Using Cq-Cq plots, we estimated the changes in expression ratio for both calcium channel genes relative to β-actin (Fig. 4B).The data were more tightly clustered than for our ANF results, indicating that the changes in gene expression are smaller and potentially more problematic to discern from noise that may arise from the various processes during the qPCR setup and experimentation. Even so, the Cq-Cq plot of CACNA1G still revealed a generally lower set of Cq data for the PE-treated group than for the control. After applying the efficiency factor, we determined that the expression of CACNA1G was enhanced by PE regardless of the fit routine, with one exception (Fig. 4D).The exception comes from the sample which showed the highest Cq values, and therefore smallest amount of DNA. Using Grubb’s test, the independent-fit of this sample (solid circle, Fig. 4D), was determined to be significantly smaller than the other three samples. Remarkably, even with the low DNA concentration, the relative change in gene expression level determine from the constrained-fit for this sample was consistent with that for the other four samples. Moreover, spread in the relative gene expression values was smaller for the constrained-fit (1.77 - 4.37x relative to control) vs. the independent-fit (0.39 - 9.55x relative to control) results. The change in CACNA1G expression is consistent with previous reports.see17

The results for CACNA1C were even tighter that any difference was very difficult to visually determine even in with the Cq-Cq plots (Fig. 4B). In the insets for this plot, the independent (upper inset), and constrained (lower inset) fits for the first two pair of samples (squares and circles), are shown to visually describe how the two methods can result in different conclusions. Notably, the independent-fits are more variable. As shown in Figure 4D, the poorest sample (solid circle) resulted in a poorly estimated 42331-fold increase in the relative expression of CACNA1C. Grubb’s test indicates that this sample is an outlier compared with the other three samples. In contrast, the constrained-fit appeared to describe the data with a greater consistence, even for the poorest sample, estimating it at 2.1-fold times the control. Overall, PE appeared to increase the expression of CACNA1C by 100%, as determined by both fitting methods, consistent with previous reports.12,15

Taken together, our method was effective in discerning small (~2-fold) changes in gene expression for low-expression of ion channel genes. Even with problematic data, the constrained-fit routine gave tighter and more consistent results compared with independent fits. More importantly, the use of our dilution-replicate design not only allowed us to evaluate the quality of each qPCR reaction (via consistency in the standard curve and the Cq-Cq plots), but also to effectively estimate the reaction efficiency using only three dilution points and constraining the fits.

Discussion

Real-time PCR is a highly-sensitive and popular approach to quantifying gene expression. Yet this sensitivity is also its shortcoming. To minimize variations in qPCR results, a consortium of researchers developed the MIQE guidelines detailing how experiments should be performed and documented.1 However, adherence to all aspects of the guidelines can be limited by cost and practicality, and may not always improve the results. The new experimental design in our study addresses these limitations. Specifically, rather than performing identical technical replicates and constructing independent sample standard curves, our design proposes the use of dilution-replicates which are not only used to construct standard curves but also used to estimate gene expression levels, thus not only improves the robustness of the results but also requires fewer reactions than the traditional approach, thereby reducing costs. Because the PCR efficiency (E) and initial gene quantity are measured for every test sample, we can either analyze each independently or collectively (i.e., PCR efficiency can be either variable or constant between samples).

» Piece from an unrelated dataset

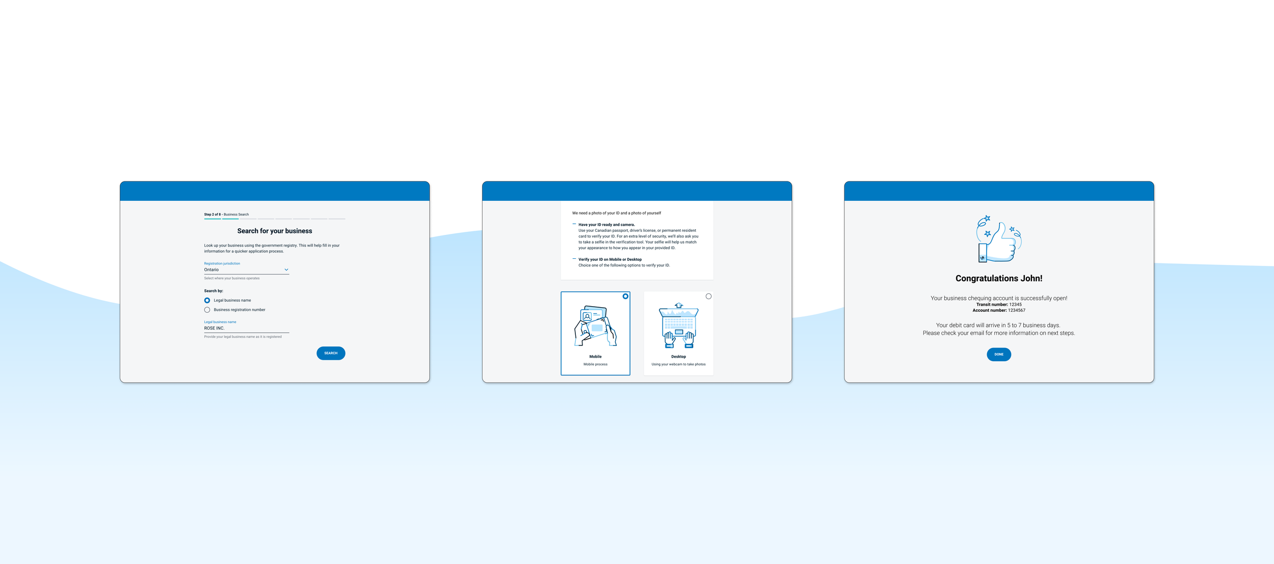I led the design initiative for a self-serve business banking account opening platform. By simplifying intricate financial processes and optimizing the account opening journey, I created an intuitive experience tailored for small business owners. Through thorough user research and strategic interface design, the platform empowers users to open business banking accounts seamlessly, enhancing clarity and efficiency at every step.
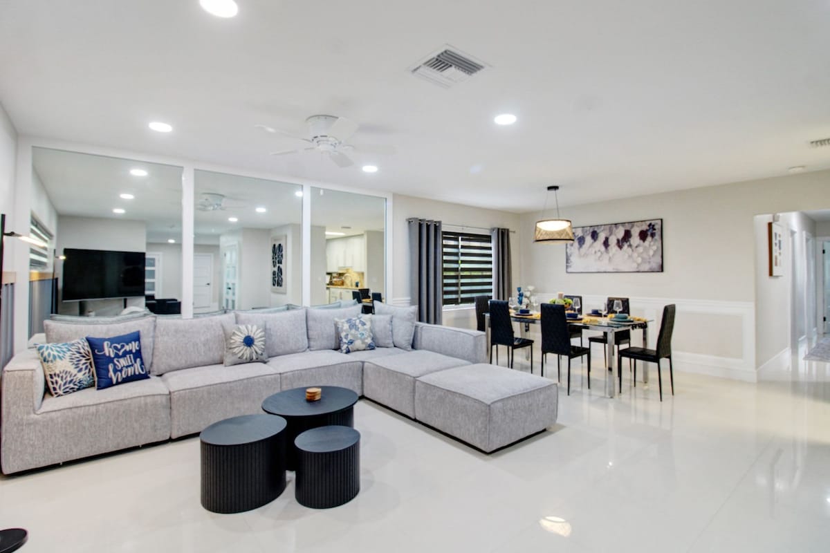 Discover the magic of Miami at our stunning 4BR/3BA modern retreat in vibrant Little Havana’s west side! This spacious, open-concept home sleeps up to 11 and features a sleek living room, fully stocked kitchen with stainless steel appliances, dinnerware, wine/shot glasses, cookware, tabletop appliances & complimentary coffee. The highlight? A resort-style backyard with a pool, mini golf, life-size chess, cornhole, Connect Four, outdoor pool table, a covered gazebo & deluxe grill/hibachi!

This experimental design strategy helps to minimize the effects of sample noise from technical variance and identify problematic results, and should be used in conjunction with the MIQE guidelines.

Technical noise (e.g., pipetting errors, differences between plates, noise in qPCR system, time of day, etc.) alone can amount to substantial variations in the results. In a study where only a single source of DNA template was used, Cq values from intra-run and inter-run reactions were found to vary by up to 0.367 units and 0.395, respectively, and PCR efficiency (E) estimates by up to 0.03 units.18 Understandably, this means more replications of the experiment should be performed to lower the variation until a stable mean Cq and PCR efficiency (E) can be determined. However, the traditional method of using 2–3 replicates of a sample (and standard curves) can be impractical and costly when a large number of genes are examined. Because the largest variation in PCR efficiency (E) comes from the differences in samples, how the samples are prepared, and the quality of the preparation, it is more reliable to estimate PCR efficiency (E) from as many independent standard curves as possible.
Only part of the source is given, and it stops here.